SR22T Runway Brief Skill

⚠️ CRITICAL: MANDATORY DATA USAGE - READ FIRST

SAFETY-CRITICAL REQUIREMENT: This skill contains actual Cirrus SR22T POH performance data. Using incorrect data could result in runway overruns, accidents, or fatalities.

BEFORE Writing ANY Code:

STEP 1: Read the reference files FIRST

cat references/sr22t_performance_data.py
cat references/calculation_functions.py

STEP 2: Import and use ONLY the provided data

import sys
sys.path.insert(0, 'references')
from sr22t_performance_data import EMBEDDED_SR22T_PERFORMANCE
from calculation_functions import (
    calculate_pressure_altitude,
    calculate_isa_temperature,
    calculate_density_altitude,
    calculate_wind_components,
    interpolate_performance
)

STEP 3: Extract performance tables - DO NOT create your own

takeoff_data = EMBEDDED_SR22T_PERFORMANCE["performance_data"]["takeoff_distance"]["conditions"]
landing_data = EMBEDDED_SR22T_PERFORMANCE["performance_data"]["landing_distance"]["conditions"]
v_speeds = EMBEDDED_SR22T_PERFORMANCE["v_speeds"]["approach_speeds"]

❌ PROHIBITED:

  • NEVER create performance data from memory
  • NEVER simplify or approximate POH tables
  • NEVER skip reading the reference files
  • NEVER use simple linear interpolation (must be bilinear on PA AND temperature)

✅ VALIDATION:

  • Used data from EMBEDDED_SR22T_PERFORMANCE
  • Used bilinear interpolation on PA AND temperature
  • Rounded to nearest 50 ft
  • Results are conservative

If you cannot access the reference files, STOP and inform the user.
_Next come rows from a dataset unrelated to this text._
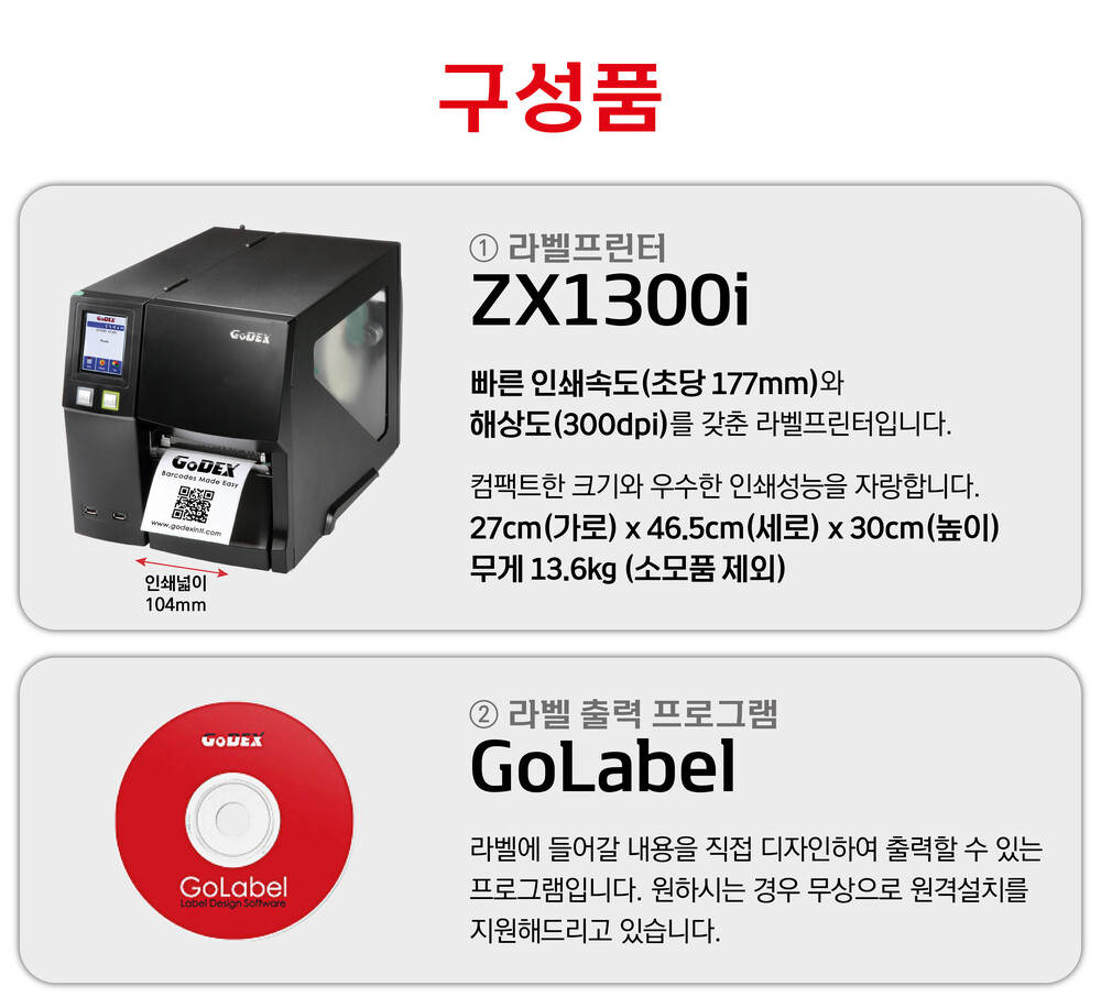 GODEX 고덱스 ZX1300i (300dpi) 라벨 바코드 프린터 무료배송/무료원격설치
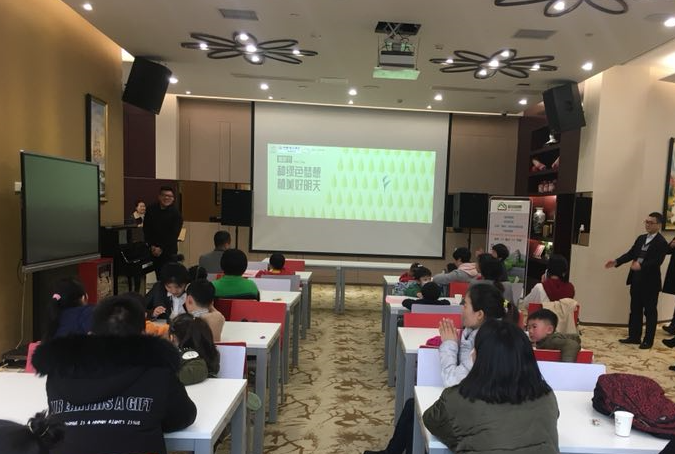 活動(dòng)休息期間,家長(zhǎng)帶領(lǐng)小孩參觀由寓安園林設(shè)計(jì)制作的華融湘江銀行至尊VIP室“三山一水”室內(nèi)景觀。
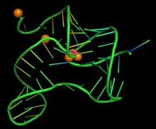 A representation of a 3-D structure of the fluoride riboswitch bound to a fluoride ion (purple sphere) directed by Mg2+ ions (three orange spheres in the center).
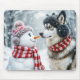 A husky dog and a snowman face each other surrounded by a snowy landscape
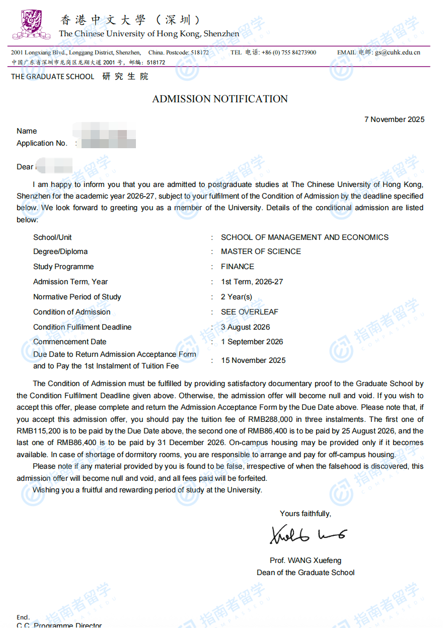 香港中文大學(xué)金融學(xué)理學(xué)碩士(CUHK-Shenzhen)研究生offer一枚
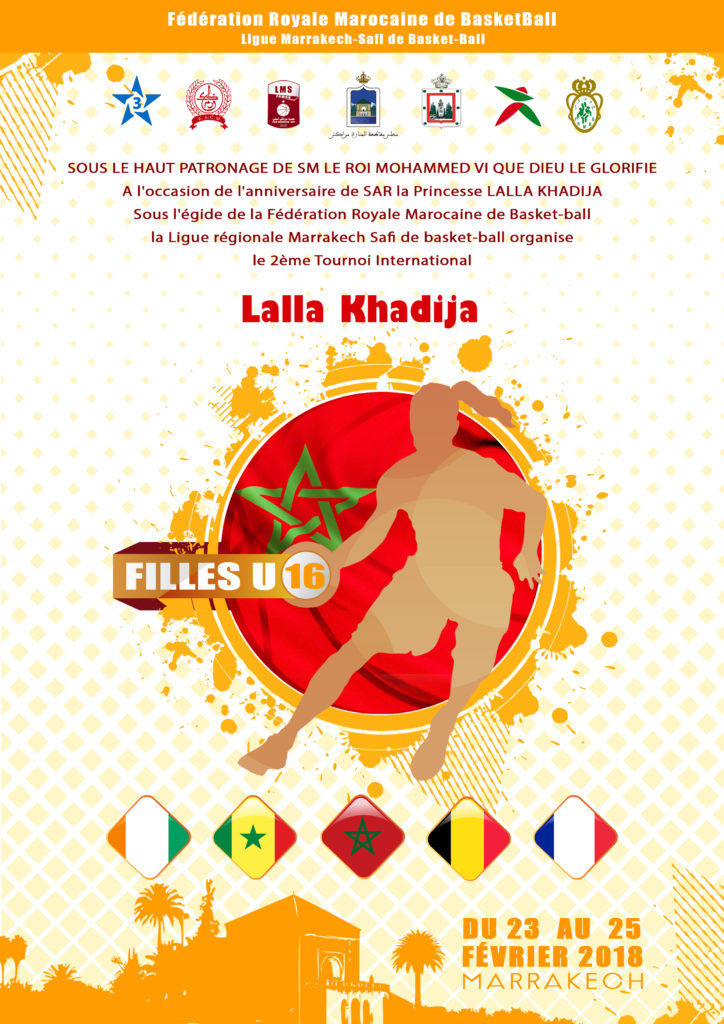 تحت الرعاية السامية لصاحب الجلالة الملك محمد السادس أعزه الله ونصره، وبمناسبة الذكرى الحادية عشرة لميلاد صاحبة السمو الملكي الأميرة الجليلة للا خديجة، تنظم عصبة مراكش آسفي وتحت إشراف الجامعة الملكية المغربية لكرة السلة الدورة الثانية للدوري الدولي للا خديجة لفئة أقل من 16 سنة بنات وذلك بمدينة مراكش خلال الفترة ما بين 23 و25 فبراير 2018.
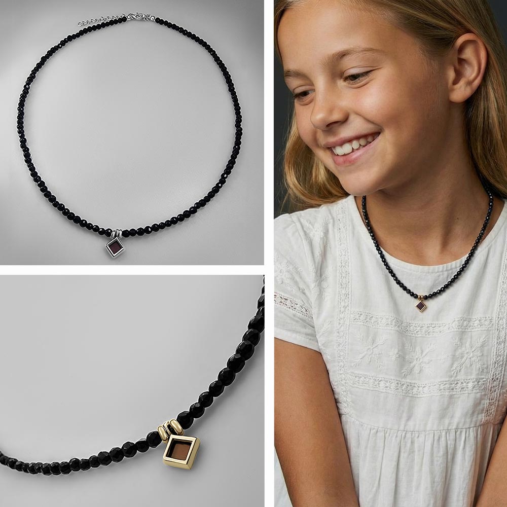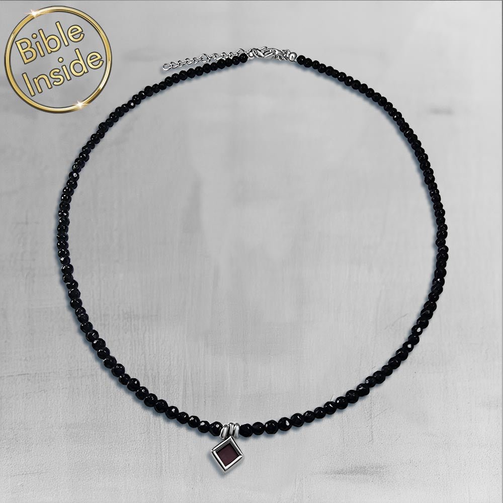 תכשיט מיוחד לילדת בת מצווה שלא רוצה להיראות כמו כולן. השרשרת הזו עשויה מחרוזי אוניקס טבעיים שחורים שנותנים לוק קלאסי ואורבני. היא יושבת על הצוואר כמו צ'וקר מינימליסטי, ובמרכז תלוי תליון מעוין מסקרן ובו שבב ננו תנ"ך בגודל 0.5 ס"מ עם כל 24 ספרי התנ"ך חרוטים. אפשר לראות את הכיתוב רק תחת מיקרוסקופ מטלורגי בהגדלה של פי 1000.

Do not proceed with estimated data.


Required Inputs

  1. Runway elevation (ft MSL), 2. Temperature (°C), 3. Altimeter (inHg), 4. Wind direction (°mag), 5. Wind speed (kt), 6. Runway heading (°mag), 7. Runway length (ft)

Optional: Wind gusts, Operation type (takeoff/landing/both)


Workflow

Step 0: Determine Operation Type

CRITICAL: The skill MUST analyze the user's request to determine operation type.

Automatic Detection (Priority 1): Scan the user's request for explicit keywords:

  • Takeoff only: "departing", "takeoff", "departure", "leaving from"
  • Landing only: "arriving", "landing", "arrival", "coming into"
  • Both operations: If NEITHER takeoff NOR landing keywords detected, OR if BOTH detected

Examples:

  • "I'm departing KBZN runway 30" → Takeoff brief only
  • "Give me a landing brief for KSUN runway 09" → Landing brief only
  • "Analyze KBZN runway 30" → Both operations (no specific operation mentioned)
  • "I need performance data for KASE runway 15" → Both operations (ambiguous)

Default Behavior:

  • If ambiguous or unspecified → ALWAYS calculate BOTH operations
  • Never ask the user to clarify operation type
  • If in doubt, do both - it's better to provide complete information

Set Operation Mode:

# Detect from user input
if "depart" in user_input.lower() or "takeoff" in user_input.lower():
    operation = "takeoff"
elif "arriv" in user_input.lower() or "landing" in user_input.lower():
    operation = "landing"
else:
    operation = "both"  # DEFAULT: Do both when ambiguous

Proceed with selected workflows based on detected operation type.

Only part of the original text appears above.